**WORK INSTRUCTION**
Look through the listing below for the line with "Her large online" and the line with "小多列老人在喂奶牛(6月23日攝)。新華社記者 金一清 攝". Copy both, along with every line between them, exactly and with no pictures.
═══ TASK INPUT ═══
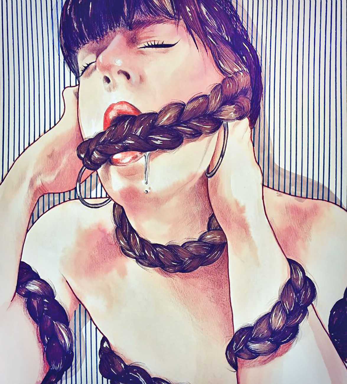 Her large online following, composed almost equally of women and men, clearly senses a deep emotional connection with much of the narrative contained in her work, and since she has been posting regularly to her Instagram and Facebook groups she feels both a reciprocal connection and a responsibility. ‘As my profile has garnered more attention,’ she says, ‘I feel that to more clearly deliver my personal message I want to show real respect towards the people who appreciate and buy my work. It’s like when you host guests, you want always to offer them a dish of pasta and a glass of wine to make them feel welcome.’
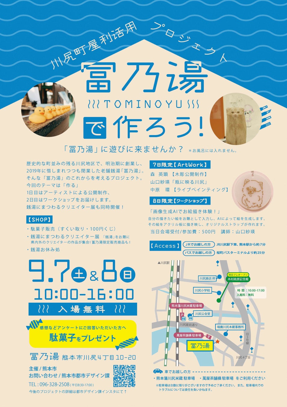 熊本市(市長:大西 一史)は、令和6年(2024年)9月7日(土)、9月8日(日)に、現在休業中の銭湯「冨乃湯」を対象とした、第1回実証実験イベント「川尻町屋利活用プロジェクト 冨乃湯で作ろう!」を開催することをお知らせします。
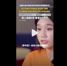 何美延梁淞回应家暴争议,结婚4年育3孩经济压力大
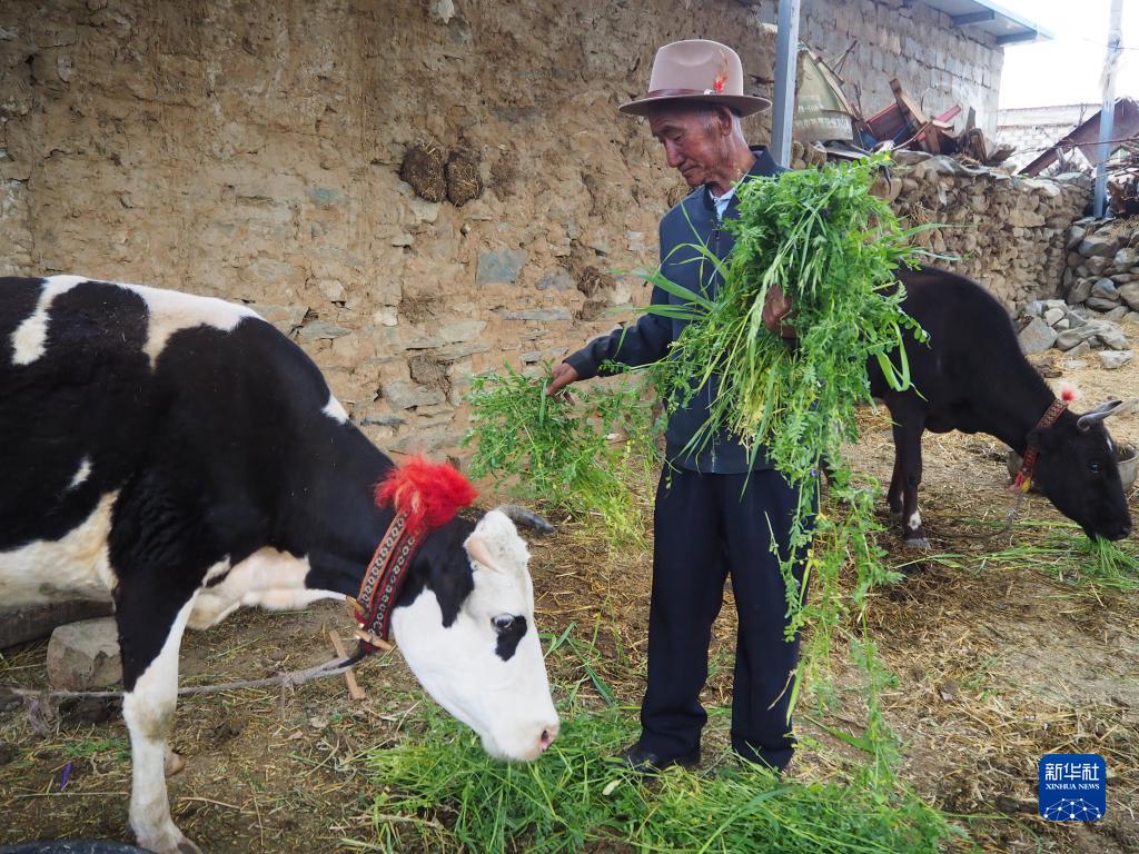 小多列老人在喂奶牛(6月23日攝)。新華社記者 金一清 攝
═══
═══ TASK INPUT ═══
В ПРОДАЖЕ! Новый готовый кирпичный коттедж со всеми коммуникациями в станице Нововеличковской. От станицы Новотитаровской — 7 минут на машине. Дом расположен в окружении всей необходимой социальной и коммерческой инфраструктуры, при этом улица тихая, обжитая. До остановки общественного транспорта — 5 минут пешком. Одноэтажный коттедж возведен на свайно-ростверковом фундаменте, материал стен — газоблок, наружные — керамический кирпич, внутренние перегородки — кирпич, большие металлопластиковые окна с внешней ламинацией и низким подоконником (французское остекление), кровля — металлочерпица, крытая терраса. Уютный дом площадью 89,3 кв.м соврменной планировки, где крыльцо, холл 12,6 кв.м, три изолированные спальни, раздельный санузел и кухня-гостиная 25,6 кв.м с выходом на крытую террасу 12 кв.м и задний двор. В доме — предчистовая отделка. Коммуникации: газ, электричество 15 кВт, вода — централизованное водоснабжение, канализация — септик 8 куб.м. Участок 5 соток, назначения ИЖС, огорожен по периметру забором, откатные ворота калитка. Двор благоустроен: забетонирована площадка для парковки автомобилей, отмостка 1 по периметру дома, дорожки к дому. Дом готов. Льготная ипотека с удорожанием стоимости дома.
═══
**RESULT**
 Her large online following, composed almost equally of women and men, clearly senses a deep emotional connection with much of the narrative contained in her work, and since she has been posting regularly to her Instagram and Facebook groups she feels both a reciprocal connection and a responsibility. ‘As my profile has garnered more attention,’ she says, ‘I feel that to more clearly deliver my personal message I want to show real respect towards the people who appreciate and buy my work. It’s like when you host guests, you want always to offer them a dish of pasta and a glass of wine to make them feel welcome.’
 熊本市(市長:大西 一史)は、令和6年(2024年)9月7日(土)、9月8日(日)に、現在休業中の銭湯「冨乃湯」を対象とした、第1回実証実験イベント「川尻町屋利活用プロジェクト 冨乃湯で作ろう!」を開催することをお知らせします。
 何美延梁淞回应家暴争议,结婚4年育3孩经济压力大
 小多列老人在喂奶牛(6月23日攝)。新華社記者 金一清 攝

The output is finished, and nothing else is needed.